* **Exercise requirements**: Every line in the records below between the one holding "경기 이천시 부발읍 지역사회보장협의체는" and the one holding "Positiv ist es, daß", inclusive, is to be set down exactly; all other lines are to be left out.

*** Opening of Supplied entries ***

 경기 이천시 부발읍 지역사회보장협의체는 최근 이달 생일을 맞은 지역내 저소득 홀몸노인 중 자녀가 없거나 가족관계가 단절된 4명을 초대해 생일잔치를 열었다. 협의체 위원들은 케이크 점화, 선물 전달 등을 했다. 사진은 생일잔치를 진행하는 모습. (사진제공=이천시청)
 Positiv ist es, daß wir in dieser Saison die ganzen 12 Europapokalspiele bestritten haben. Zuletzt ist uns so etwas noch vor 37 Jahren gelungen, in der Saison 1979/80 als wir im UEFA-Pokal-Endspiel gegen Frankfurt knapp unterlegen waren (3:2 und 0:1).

*** Close of Supplied entries ***
*** Opening of Supplied entries ***

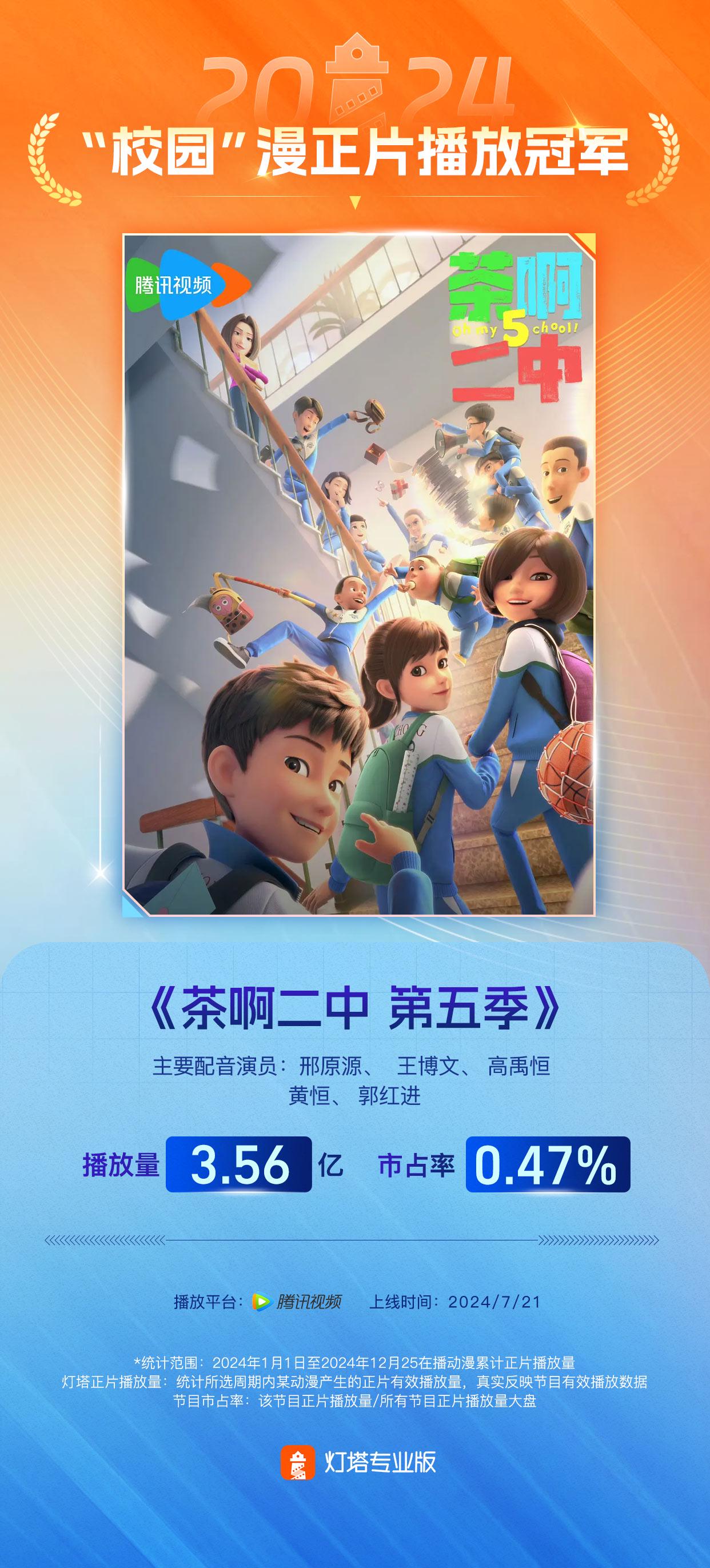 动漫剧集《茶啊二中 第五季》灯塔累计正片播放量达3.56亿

*** Close of Supplied entries ***

* **Answer to this task**:
 경기 이천시 부발읍 지역사회보장협의체는 최근 이달 생일을 맞은 지역내 저소득 홀몸노인 중 자녀가 없거나 가족관계가 단절된 4명을 초대해 생일잔치를 열었다. 협의체 위원들은 케이크 점화, 선물 전달 등을 했다. 사진은 생일잔치를 진행하는 모습. (사진제공=이천시청)
 Positiv ist es, daß wir in dieser Saison die ganzen 12 Europapokalspiele bestritten haben. Zuletzt ist uns so etwas noch vor 37 Jahren gelungen, in der Saison 1979/80 als wir im UEFA-Pokal-Endspiel gegen Frankfurt knapp unterlegen waren (3:2 und 0:1).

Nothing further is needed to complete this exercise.